Luke Loucks

Florida State Seminoles
- Title: Head coach
- League: Atlantic Coast Conference

Personal information
- Born: April 1, 1990 (age 36)
- Listed height: 193 cm (6 ft 4 in)
- Listed weight: 93 kg (205 lb)

Career information
- High school: Clearwater (Clearwater, Florida)
- College: Florida State (2008–2012)
- NBA draft: 2012: undrafted
- Playing career: 2012–2016
- Position: Point guard / shooting guard
- Coaching career: 2016–present

Career history

Playing
- 2012–2013: VEF Rīga
- 2013: Apollon
- 2013–2014: Kangoeroes Willebroek
- 2014: Maine Red Claws
- 2014–2015: Erie BayHawks
- 2015: Maine Red Claws
- 2015–2016: Hebeisen White Wings

Coaching
- 2016–2021: Golden State Warriors (assistant)
- 2022–2025: Sacramento Kings (assistant)
- 2025–present: Florida State

Career highlights
- As assistant coach: 2× NBA champion (2017, 2018);

= Luke Loucks =

American basketball player and coach (born 1990)

Luke Isaac Rhoad Loucks (born April 1, 1990) is an American basketball coach and former player who currently serves as head coach of the Florida State Seminoles men's basketball team in the Atlantic Coast Conference. He played college basketball for the Florida State Seminoles between 2008 and 2012 before playing professionally in Latvia, Cyprus, Belgium, Germany, and the NBA Development League. Loucks joined the Golden State Warriors of the NBA in 2016 in a paid internship position. He served as a player development coach with the Warriors between 2017 and 2021. He joined the Sacramento Kings as an assistant in 2022 and served in the role until 2025 when he returned to his alma mater, joining the Seminoles as head coach.

==High school career==
Loucks attended Clearwater High School in Clearwater, Florida, where he was a four-year member of the varsity basketball team and team captain as a sophomore, junior and senior. As a freshman in 2004–05, Clearwater won district and regional championships and was the state tournament runner-up. As a sophomore in 2005–06, he led the Tornadoes to the North Division Conference championship and finished as the district runner-up.

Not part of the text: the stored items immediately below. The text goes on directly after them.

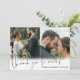 Wedding thank you card with room for three photos, two on the cover and a larger photo on the back. Thank you so much is written across in a hand-writing script. Personalize with your names.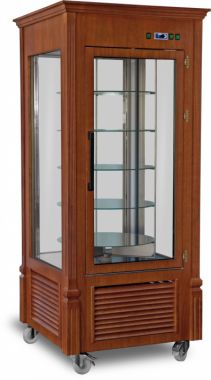 Szafa cukiernicza JOLA 4 RETRO jest urządzeniem przeznaczonym do ekspozycji wszelkich artykułów cukierniczych takich jak torty, ciasta, czekolady, desery. Korpus zewnętrzny szafy JOLA 4 RETRO wykonany jest w klasycznym, ozdobnym wykończeniu drewnianym. Jej wygląd i możliwość konfiguracji kolorystycznej sprawia, że urządzenie dopasuje się do najczęściej spotykanych wystrojów wnętrz cukierni, kawiarni czy różnego typu sklepów. Urządzenie posiada system półek szklanych z możliwością zastosowania ich w wersji obrotowej, co pozwala pięknie wyeksponować produkty. W szafie zamontowano drzwi rozwierne z szybą zespoloną i agregat chłodniczy wewnętrzny znajdujący się w dolnej części urządzenia. Wnętrze urządzenia oświetlone przy pomocy energooszczędnej świetlówki LED.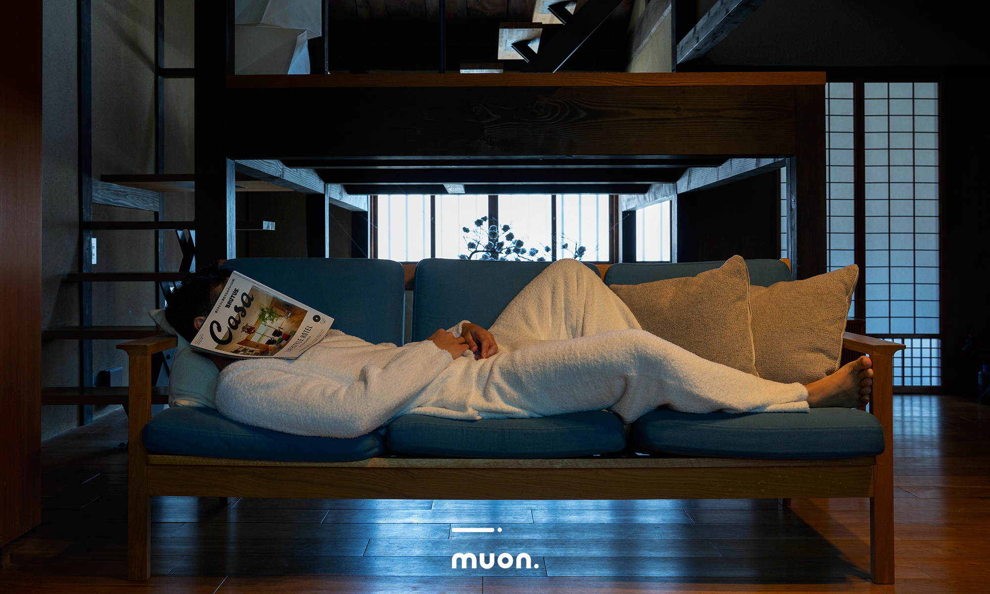現代を忙しく生きる大人のためのルームウェアブランド「muon.」です。余計なものを削ぎ落とし、本質だけを整えるという想いが込められています。ブランドロゴ「__.」も、まさにその哲学を象徴するもの。意味を詰め込むのではなく、空白や余白を象徴し静けさそのものをかたちにしました。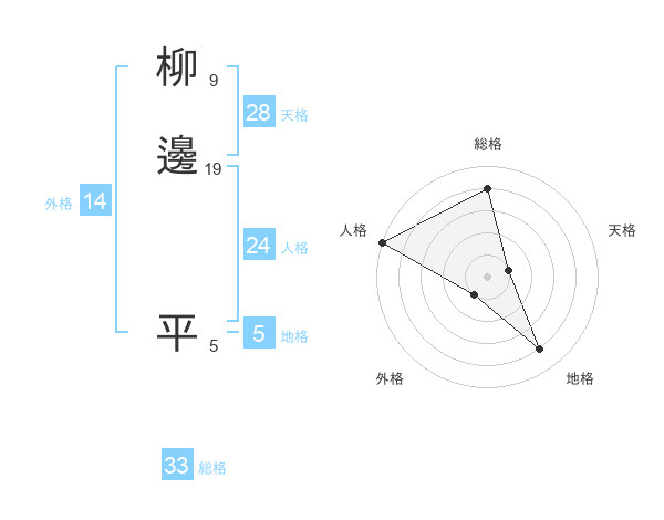 柳邊 平さんの総格は33画の4点!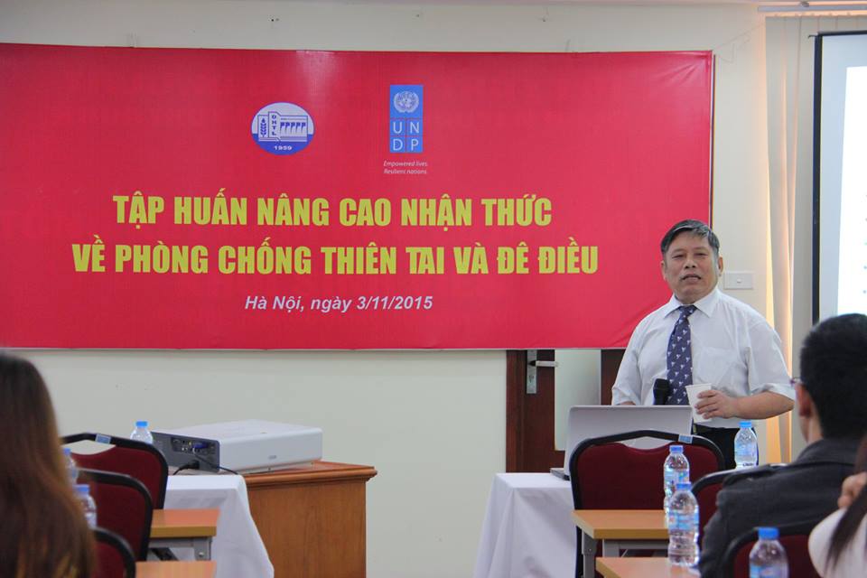 Tham gia buổi tập huấn có sự góp mặt của ông Nguyễn Đức Quang – Phó cục trưởng phòng tránh thiên tai; Ông Đặng Quang Minh – Giám đốc trung tâm DMC (trung tâm phòng tránh và giảm nhẹ thiên tai trực thuộc Tổng cục Thủy lợi), các cố vấn – chuyên gia trung tâm DMC cùng đông sinh viên của trường ĐH Thủy Lợi đến tham dự.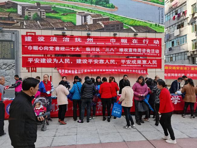抚州市抚州市妇联联合市政法委、市法院、市公安局等单位,组织市妇女儿童维权法律服务站成员、巾帼维权志愿者等在临川区上顿渡镇老街开展普法宣传。南丰县妇联、县法院组织家事法官和巾帼志愿者们走进南丰县洽湾船型古镇开展以案释法宣讲活动。黎川县妇联联合县法院在孔庙广场开展“三八”维权周普法宣传活动。黎川县纪委县监委联合华山镇妇联在华山镇举办趣味法律知识竞赛,在新时代文明实践所开展普法活动。广昌县妇联联合县委政法委、县法院、县检察院、县公安局、县司法局、驿前镇等多家单位开展女性和未成年人社区矫正对象教育帮扶活动。广昌县妇联联合县法院组织“党建+妈妈法庭”干警赴旴江镇为100余名妇女群众送去《家庭教育促进法》专题普法讲座,引导妇女群众“依法带娃”。临川区妇联联合区政法委、总工会、司法局等相关部门,组织妇女儿童维权法律服务站成员、巾帼维权志愿者在临川老街开展“三八”维权周普法维权集中宣传活动。乐安县妇联、东乡区妇联、南城县妇联、崇仁县妇联、宜黄县妇联、金溪县妇联分别联合当地县委政法委、法院、公安局、司法局、卫健委、市管局、人社局、教体局、住建局、团县委等相关单位在当地广场开展“三八维权周”普法宣传活动。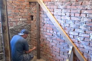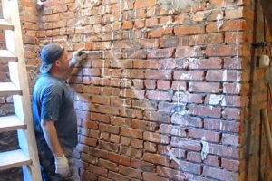 ![]() | Любая порция выложенного раствора тут же распределяется мастерком и «штыкуется» — протыкается мастерком или обрезком арматуры.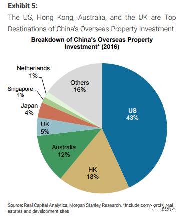 Real Capital分析公司数据显示,2016年中国海外商业地产投资的主要去向是美国(43%)、香港(18%)澳大利亚(12%)和英国(5%)。其中,由于在过去六个月内监管力度加剧,中国对英国的商业地产投资中有34%处于停滞待审状态,对美国的商业地产投资中则有7%处于停滞待审状态。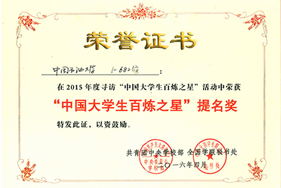 日前,由团中央学校部、全国学联秘书处组织开展的2015年度寻访“中国大学生百炼之星”活动结果揭晓。开云kaiyun石油工程学院1-682宿舍荣获2015年度“中国大学生百炼之星”提名奖。
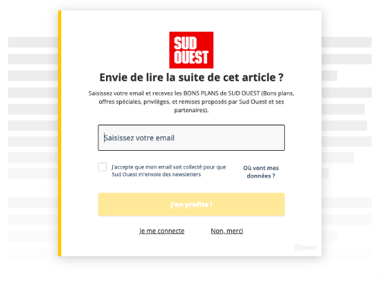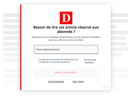 - Couleurs pertinentes : le choix des couleurs est capital pour véhiculer un message. Mais attention pour des raisons d’accessibilité, la couleur ne doit pas être le seul vecteur de cette information ! Chez Poool, nous avons l’habitude de styliser nos composants selon les couleurs de nos clients. Pour le widget Formulaire, nous avons pourtant opté pour la neutralité d’un noir, afin de nous assurer que les rouges, oranges et jaunes, souvent utilisés dans les univers de marque des médias, ne soient pas repris dans les champs de formulaire et interprétés comme des erreurs par les lecteurs.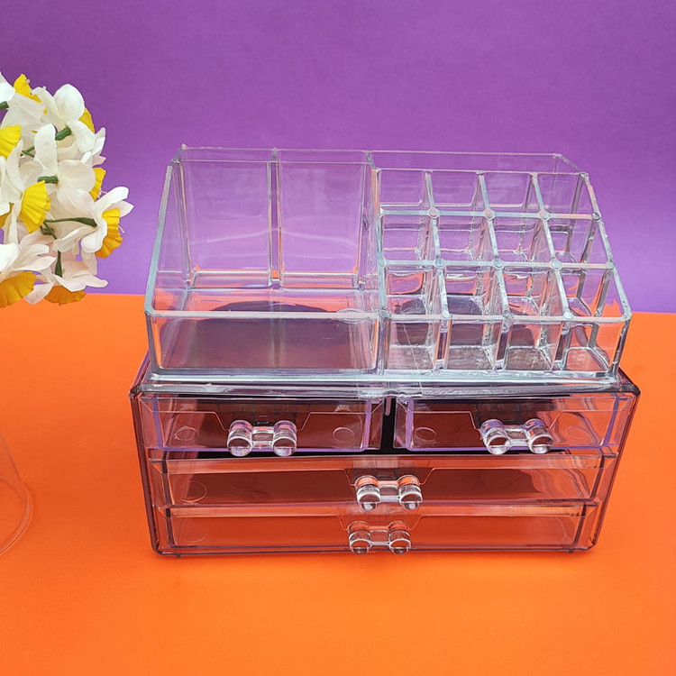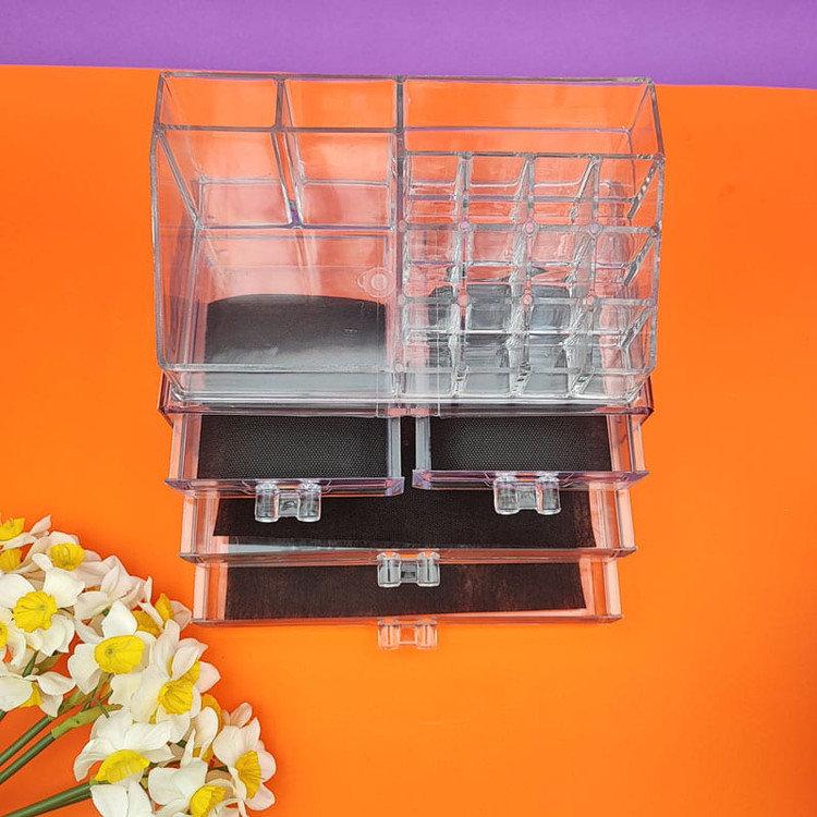 استند آرایشی چهار کشویی، بسیار شفاف و برای قرار دادن و نظم دادن لوازم آرایشی و زیورآلات ساخته شده است. این محصول از جنس اکرولیک و با کیفیت بالا و با قیمتی مناسب ساخته شده.

As a junior in 2006–07, Loucks averaged 14.0 points and 6.5 assists in earning all-county first-team honors as he led Clearwater to a 25–5 record.

On November 14, 2007, Loucks signed a National Letter of Intent to play college basketball for Florida State University. He chose Florida State over Georgia Tech, St. Joseph's, Pittsburgh, Wake Forest, Tennessee, South Florida and UCF.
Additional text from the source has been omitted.